Vercel’s CEO said companies are no longer relying on a single AI lab for all their needs.
“Last year, there were a lot of people picking one lab partner — saying they would build everything on OpenAI or Anthropic,” chief executive Guillermo Rauch said in a Monday interview with TechCrunch.
But he said that companies now understand how each part of the AI stack works — from model, harness, data platform, sandbox, and gateway — and “every piece is plug and play.”
“You can use OpenAI, you can use Anthropic, or you can use Gemini,” he added. He said he’s seeing a lot of growth in Gemini in particular, because Gemini models have “awesome price/performance characteristics” when scaling up.

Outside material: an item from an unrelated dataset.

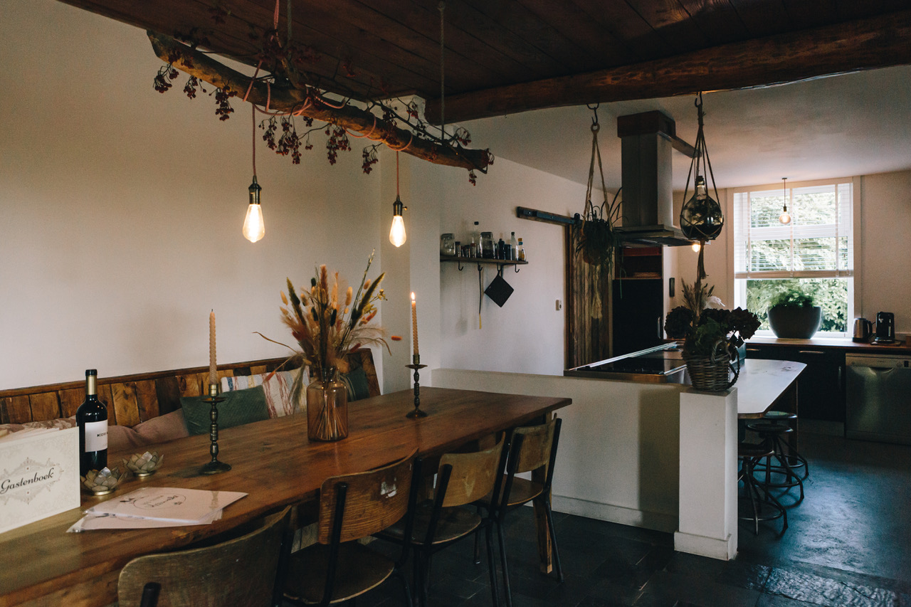 Betreed de ruime woonkamer met zijn open keuken en knapperende open haard. Hier komt de rustieke charme van het platteland tot leven. Deze idyllische setting vormt het ideale canvas voor het vastleggen van verschillende momenten en verhalen.
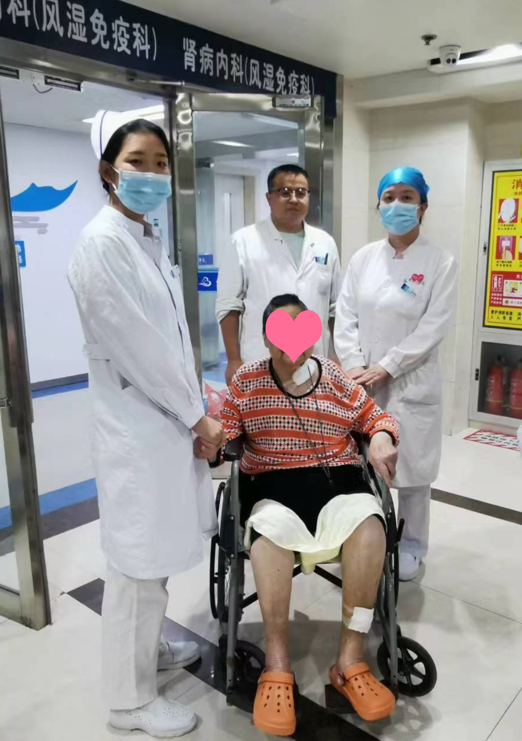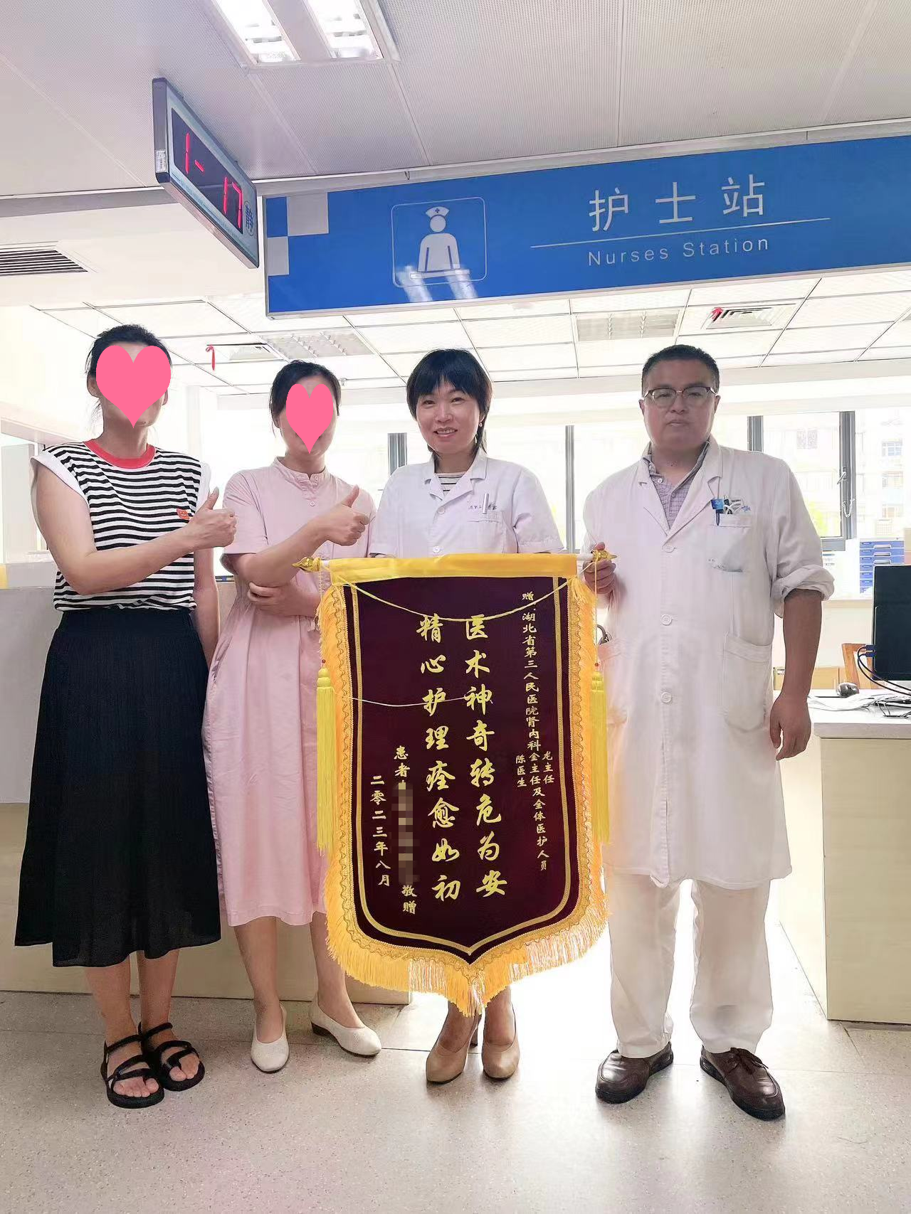 “医术神奇转危为安,精心护理痊愈如初”出院前,朱婆婆及家属将特地定制的锦旗送到肾病内科(风湿免疫科),向该科主任龙利及全体医护表示感谢。“这次真是捡回了一条命,感谢省第三人民91porn ,感谢龙主任!”

Chinese models like DeepSeek and Z.ai’s GLM-5.2 are also seeing rapid adoption, he said.
Rauch added that last year was “all about prototyping” for AI, where everyone built AI agents. Now, companies are “getting into the realities of agents in production, and some of the challenges.”
Vercel, which is based in San Francisco, is a cloud platform that helps developers host and launch websites and apps.
The executive’s comments come as companies are coming around to the realization that money spent on AI is not directly translating to more value shipped for customers. The days of urging employees to burn as many AI tokens as possible are over, and companies are now thinking about how to cut back on spending or use AI more efficiently.
Coinbase CEO Brian Armstrong said in an X post in June that he was experimenting with using Chinese LLMs like GLM-5.2 and Kimi AI’s K2.7 as defaults, which are cheaper than those by American AI labs like Anthropic and OpenAI.
He also talked about model routing — routing his engineers’ prompts to the most appropriate models for the task at hand, so as not to use expensive frontier models for simple tasks.
Rauch’s comment on companies partnering with different AI labs for different tasks is similar to how companies used to pick one major cloud provider, such as Amazon Web Services or Microsoft Azure, but have since adopted multi-cloud strategies to avoid reliance on a single vendor and optimize costs.